Syntiant will release a reference design pairing its sub-watt chip with an Infineon MEMS microphone. If it is successful, the two will collaborate on other designs. “We want to make it extremely easy to add voice control to any kind of device,” said Busch.
“Today, the ecosystem is only supported by devices plugged into the wall. Nobody is offering an always-on, battery-powered solution…We can be a leader enabling that,” said Busch.
Syntiant is using a processor-in-memory architecture defined by its CTO, Jeremy Holleman, a researcher at the University of North Carolina in Charlotte. Holleman published academic work in the area as far back as 2014 at the International Solid-State Circuits Conference.
Another startup with academic roots, Mythic, is taking a similar approach using a 40nm Fujitsu NOR cell. But it appears to be targeting imaging applications more than speech and has Lockheed Martin as a partner for use of its chips in drones.
IBM Research is working on a similar architecture based on ReRAM. Today’s emerging MRAM, memristor and other memories are reigniting academic work in processor-in-memory chips that dates back to the 1990s.
The architecture is gaining attention because it is ideal for executing at very low power the massively parallel multiply-accumulate operations in deep learning.
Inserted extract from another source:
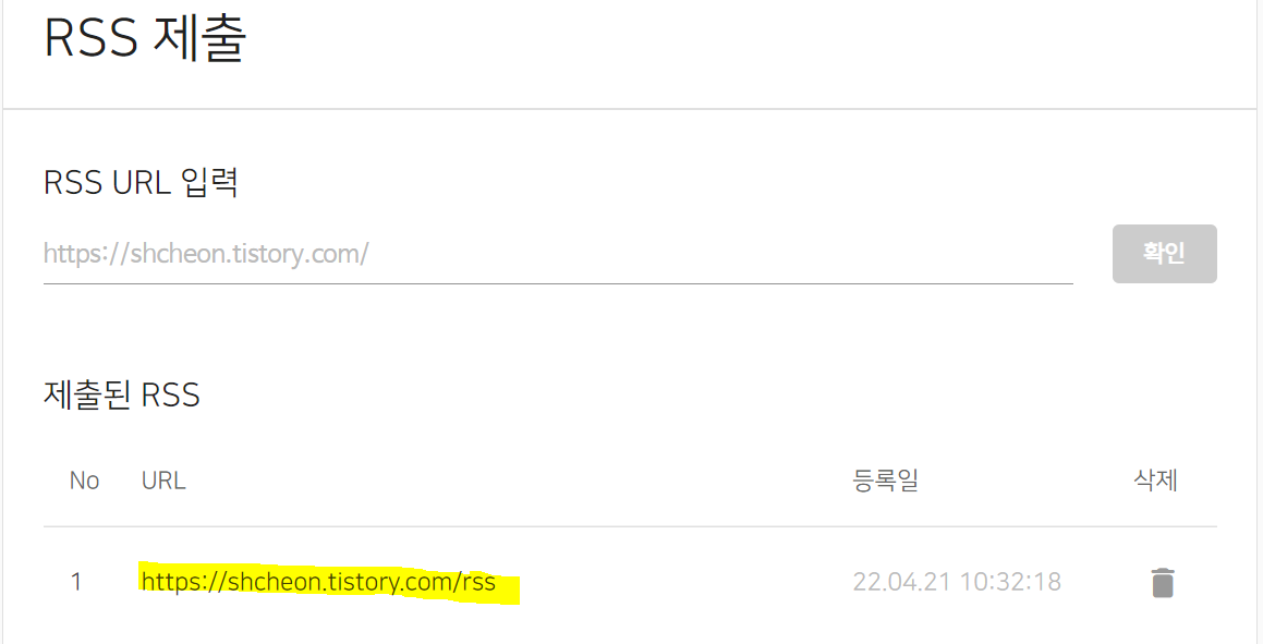RSS와 사이트맵을 등록하는 이유는 웹 사이트의 정보를 수집하는 크롤러에게 사이트 정보를 알려주어야, 크롤러가 웹 페이지의 정보를 수집할 수 있기 때문입니다. 그러므로, 먼저 RSS와 사이트맵 제출을 수행합니다. RSS는 티스토리 URL의 마지막에 RSS를 입력하면 끝입니다.

Syntiant and Mythic both claim they will process machine learning jobs at orders of magnitude less power than digital chips.
Startup leverages Google’s TensorFlow
An Achilles heel of the approach is it is hard to program the chips both due to their massive parallelism and their use of analog computing. To overcome the hurdles, Syntiant’s chip basically will act as “a silicon implementation of Google’s TensorFlow framework,” Busch said.
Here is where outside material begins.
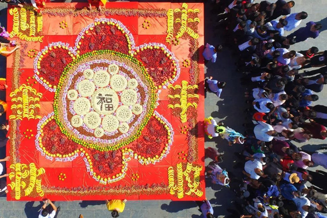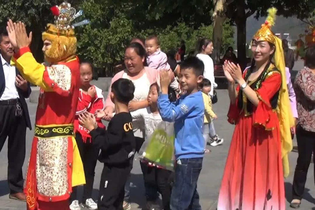 9月23日上午11點,在雞冠洞景區(qū)中心廣場上,大型豐收糕、水果、干果供游客免費品嘗,喜迎金秋,歡慶豐收。

The company’s Syntiant Simulator is essentially an add-on for TensorFlow supporting the chip’s low-precision math and other unique hardware characteristics. Users will train neural nets on Google’s AI cloud service and download weights it produces to the chip via the simulator.
The downside of the approach is users will not be able to work in the many other AI frameworks, including those favored by Amazon, Baidu, Microsoft or others. However, Syntiant eventually expects to add support for other frameworks such as Caffe which is popular in China.
All the architectures face two other challenges. The designs are more difficult to port to new processes and they need to handle a basket of analog effects.
In addition, MRAM or other memories are expected to replace flash beyond the 28nm node. So, the startups face a potentially significant redesign early on in their road maps.
Syntiant aims to start with a microwatt-class device handling perhaps a few million weights and migrate to handling larger neural nets. However, it doesn’t expect the architecture will scale to handling training jobs or use in data centers.
“Our first device is supporting one [neural net] architecture for base functionality with an option to do two or three others. The first product targets speech and can do limited imaging jobs,” he said.
So far, the startup is staying mum on the types and sizes of neural nets it will support as well as its foundry and NOR supplier. Busch did say it is not using Intel’s foundry service but “a COTs flow and a merchant foundry.”
Intel Capital led the $5 million Series A round the startup closed in May to get to first samples. Busch is now working on a Series B round to fund general availability of the chip in 2019.
“It feels a lot like where we were in networking in 1995 or so,” said Busch, who started his career as a design engineer working on Ethernet and Token Ring chips.
“There was a lot of pent up demand. Deep learning is a powerful methodology, and the current CPUs and GPUs are not optimized for its needs on parallelism and memory access,” he added.
— Rick Merritt, Silicon Valley Bureau Chief, EE Times